DATA SHOWN |

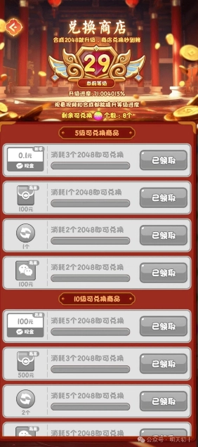 玩家游戏中可以通过挑战关卡来收集2048道具,并且还要达到特定的等级,接着进入兑换商店中,消耗2048道具就能获得相关奖励了。
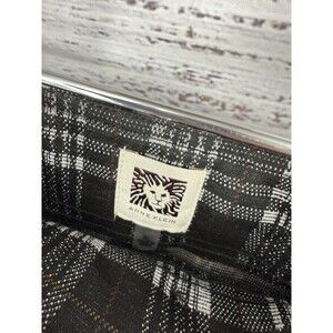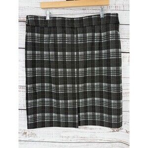 This Anne Klein Ponte Knit Pencil Skirt in size XL features a classic black plaid with a stylish gold buckle mock belt detail. The skirt is made from a comfortable and stretchy fabric that is machine washable, making it perfect for work, business meetings, or travel. The knee-length straight and pencil style skirt is suitable for all seasons and has a versatile design that can be worn in various occasions, reflecting a professional or American city-themed look. Perfect for the career woman or someone looking for a sophisticated and timeless wardrobe staple.
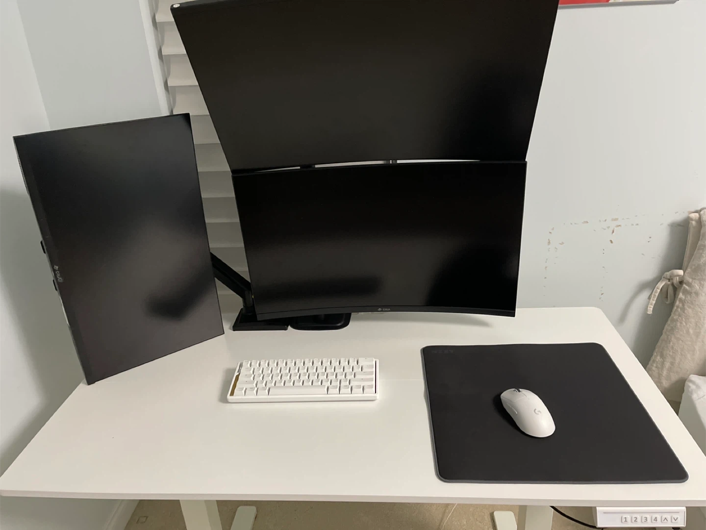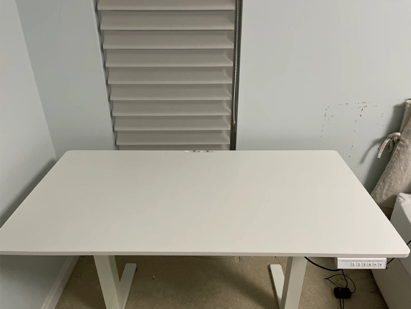White adjustable standing desk with electronic height controls. This desk's surface is smooth and spacious, perfect for a home office setup. Its electronic controls allow for easy height adjustments throughout the day. It's a functional piece for anyone looking to improve their workspace ergonomics.
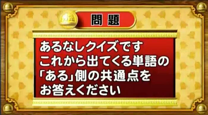 最後は、あるなしクイズ。次の単語の「ある」側の共通点を答えよ。

PROBLEM TO WORK ON |
Images are to be skipped, and each line above is to be returned exactly.

OUTPUT |
 玩家游戏中可以通过挑战关卡来收集2048道具,并且还要达到特定的等级,接着进入兑换商店中,消耗2048道具就能获得相关奖励了。
 This Anne Klein Ponte Knit Pencil Skirt in size XL features a classic black plaid with a stylish gold buckle mock belt detail. The skirt is made from a comfortable and stretchy fabric that is machine washable, making it perfect for work, business meetings, or travel. The knee-length straight and pencil style skirt is suitable for all seasons and has a versatile design that can be worn in various occasions, reflecting a professional or American city-themed look. Perfect for the career woman or someone looking for a sophisticated and timeless wardrobe staple.
White adjustable standing desk with electronic height controls. This desk's surface is smooth and spacious, perfect for a home office setup. Its electronic controls allow for easy height adjustments throughout the day. It's a functional piece for anyone looking to improve their workspace ergonomics.
 最後は、あるなしクイズ。次の単語の「ある」側の共通点を答えよ。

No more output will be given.